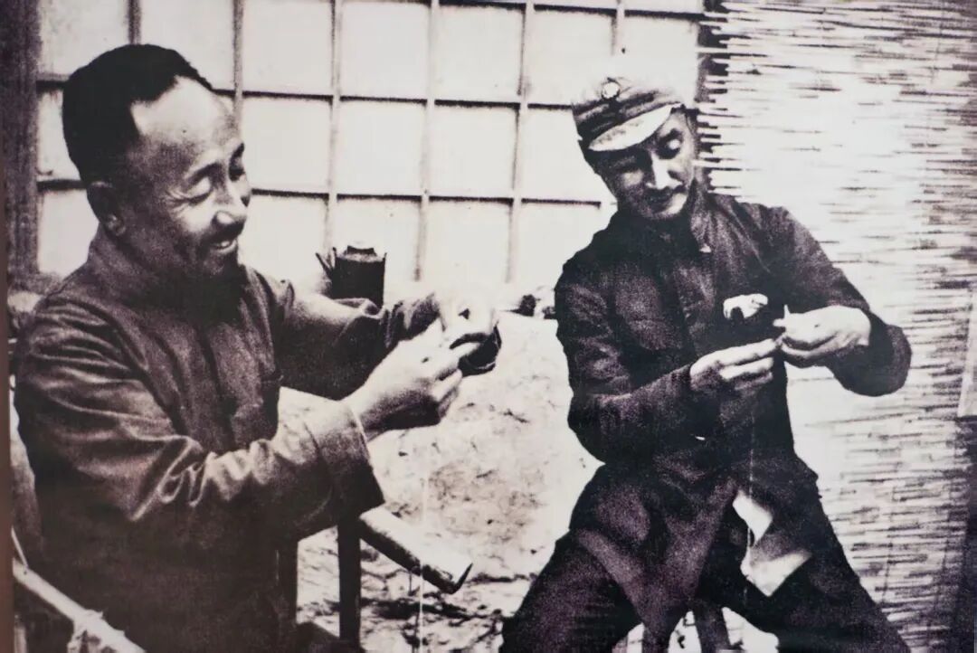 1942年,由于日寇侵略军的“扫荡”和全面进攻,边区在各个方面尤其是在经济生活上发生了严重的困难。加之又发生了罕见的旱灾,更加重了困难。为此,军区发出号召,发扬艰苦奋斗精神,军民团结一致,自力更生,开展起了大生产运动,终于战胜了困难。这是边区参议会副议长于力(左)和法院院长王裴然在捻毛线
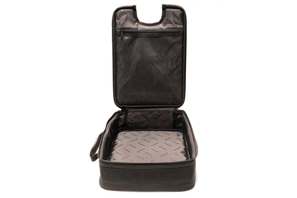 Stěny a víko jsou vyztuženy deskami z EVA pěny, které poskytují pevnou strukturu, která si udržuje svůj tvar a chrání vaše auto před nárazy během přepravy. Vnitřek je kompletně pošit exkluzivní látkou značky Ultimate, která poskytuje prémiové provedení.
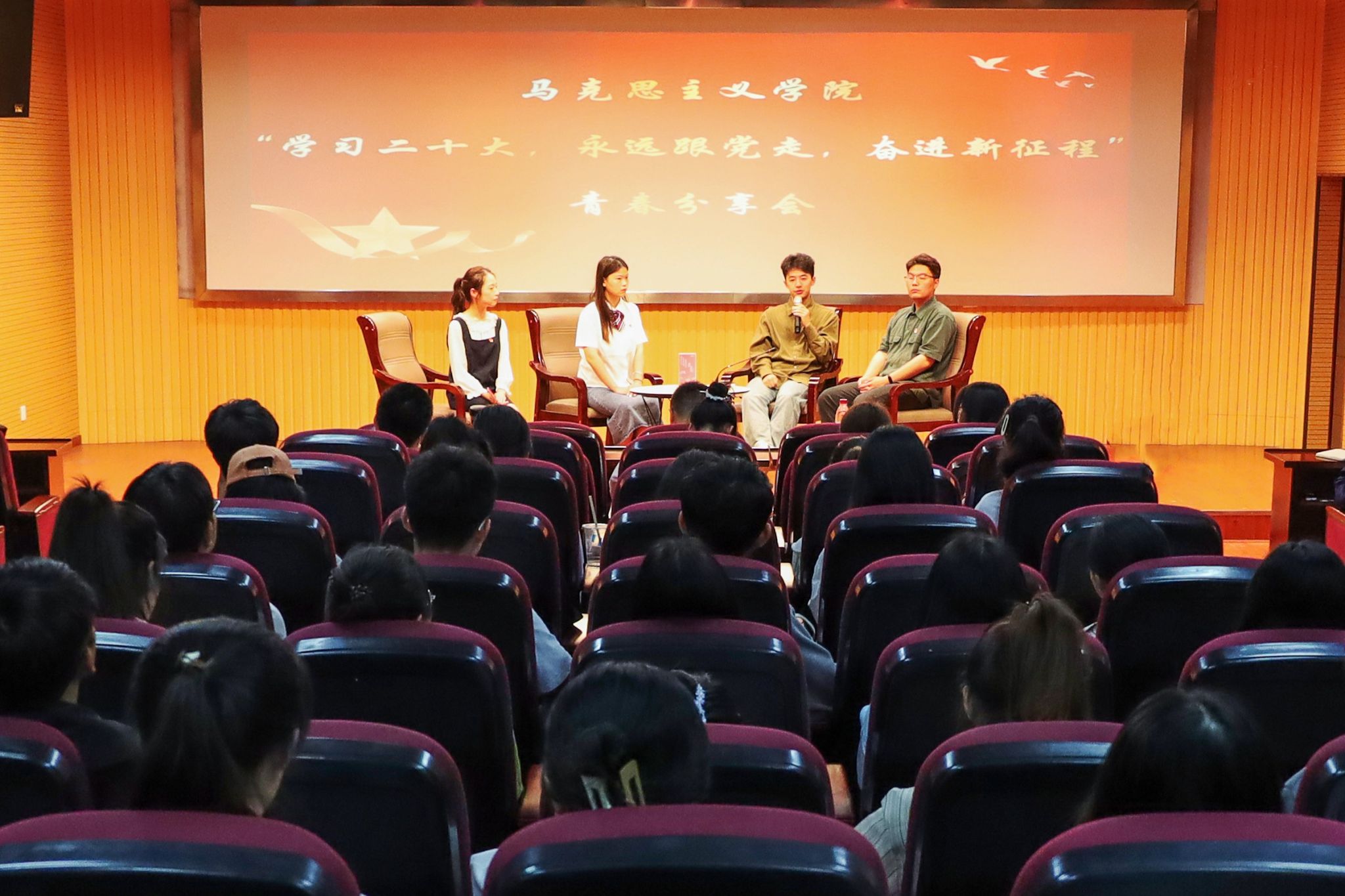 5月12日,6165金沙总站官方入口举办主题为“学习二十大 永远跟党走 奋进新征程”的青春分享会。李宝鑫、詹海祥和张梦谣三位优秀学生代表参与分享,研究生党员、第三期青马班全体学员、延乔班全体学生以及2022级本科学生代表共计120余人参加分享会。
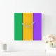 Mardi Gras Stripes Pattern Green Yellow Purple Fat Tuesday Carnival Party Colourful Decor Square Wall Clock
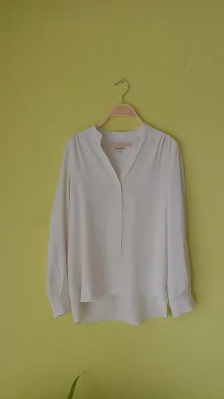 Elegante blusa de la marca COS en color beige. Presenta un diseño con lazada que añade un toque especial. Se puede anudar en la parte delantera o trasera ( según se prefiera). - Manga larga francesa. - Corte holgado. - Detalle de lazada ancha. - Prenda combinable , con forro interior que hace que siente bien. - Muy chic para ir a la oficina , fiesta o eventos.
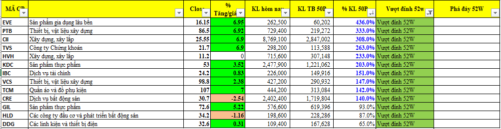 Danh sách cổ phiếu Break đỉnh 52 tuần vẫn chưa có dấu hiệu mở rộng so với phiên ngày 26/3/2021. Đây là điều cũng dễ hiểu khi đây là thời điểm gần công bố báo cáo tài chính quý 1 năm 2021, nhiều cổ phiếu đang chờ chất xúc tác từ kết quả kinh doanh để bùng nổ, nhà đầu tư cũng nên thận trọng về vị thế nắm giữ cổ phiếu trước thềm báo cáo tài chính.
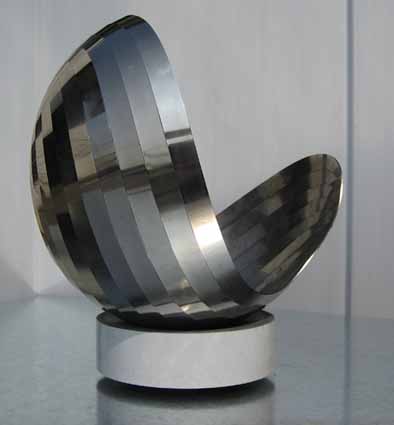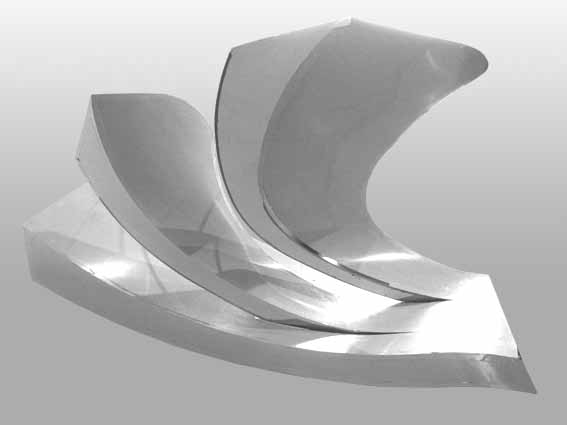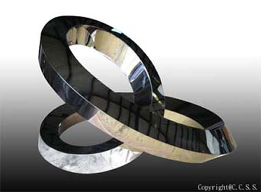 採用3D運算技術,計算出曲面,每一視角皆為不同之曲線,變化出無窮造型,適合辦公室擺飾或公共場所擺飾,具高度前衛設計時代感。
--
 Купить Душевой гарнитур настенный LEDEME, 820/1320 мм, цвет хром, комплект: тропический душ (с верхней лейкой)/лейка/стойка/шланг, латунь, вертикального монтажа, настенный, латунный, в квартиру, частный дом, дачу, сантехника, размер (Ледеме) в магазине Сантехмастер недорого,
...
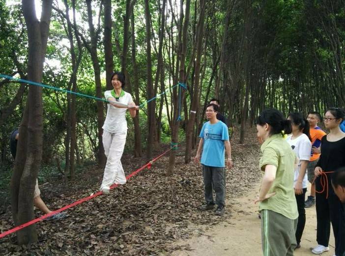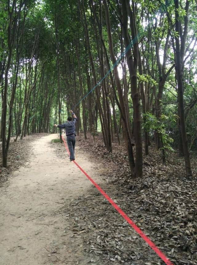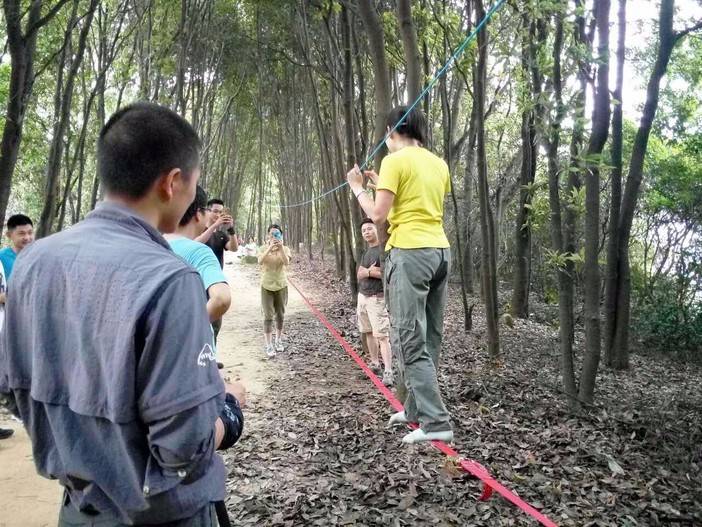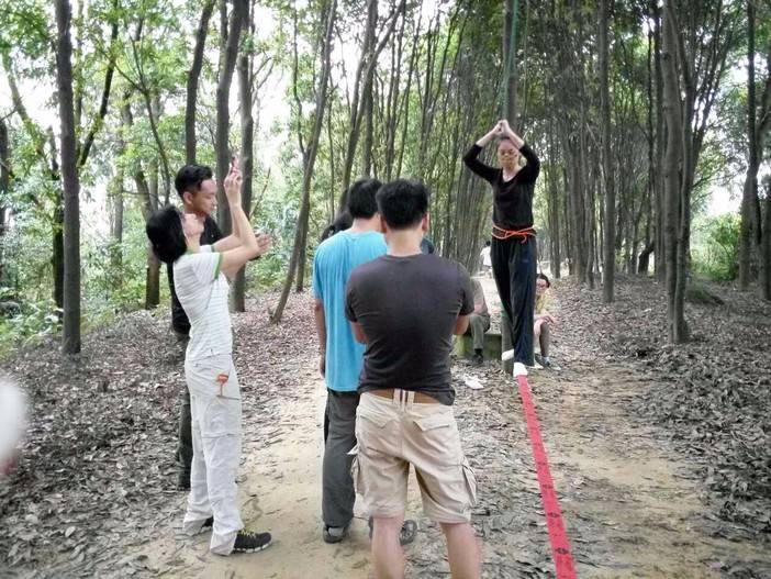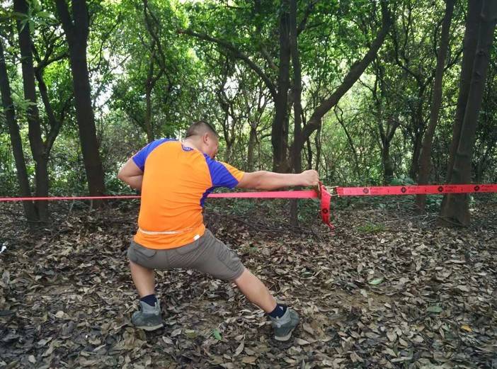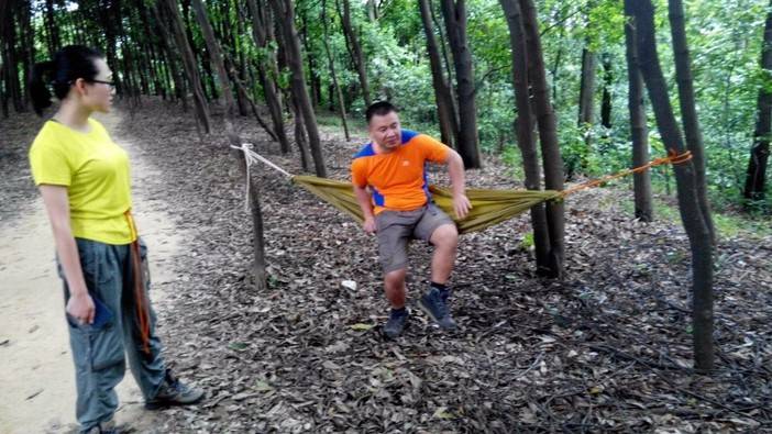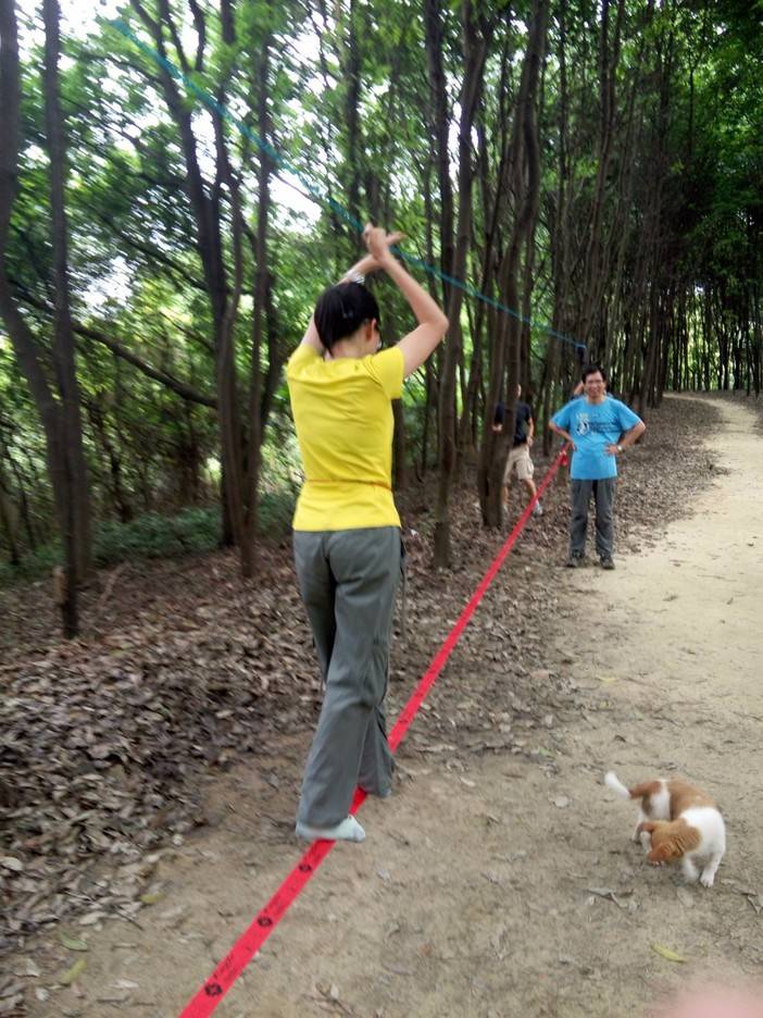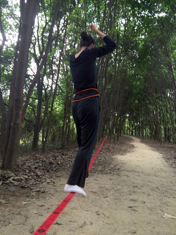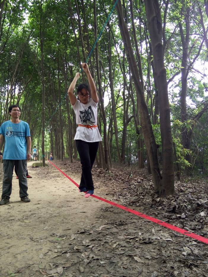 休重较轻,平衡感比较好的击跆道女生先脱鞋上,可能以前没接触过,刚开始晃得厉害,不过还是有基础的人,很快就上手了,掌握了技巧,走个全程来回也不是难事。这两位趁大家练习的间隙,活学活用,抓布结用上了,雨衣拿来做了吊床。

- What this task involves: Only the lines above starting with the line with "Danh sách cổ" and going on through the line with "採用3D運算技術,計算出曲面" belong in the answer; repeat them exactly, minus any picture.

- Response area:
 Danh sách cổ phiếu Break đỉnh 52 tuần vẫn chưa có dấu hiệu mở rộng so với phiên ngày 26/3/2021. Đây là điều cũng dễ hiểu khi đây là thời điểm gần công bố báo cáo tài chính quý 1 năm 2021, nhiều cổ phiếu đang chờ chất xúc tác từ kết quả kinh doanh để bùng nổ, nhà đầu tư cũng nên thận trọng về vị thế nắm giữ cổ phiếu trước thềm báo cáo tài chính.
 採用3D運算技術,計算出曲面,每一視角皆為不同之曲線,變化出無窮造型,適合辦公室擺飾或公共場所擺飾,具高度前衛設計時代感。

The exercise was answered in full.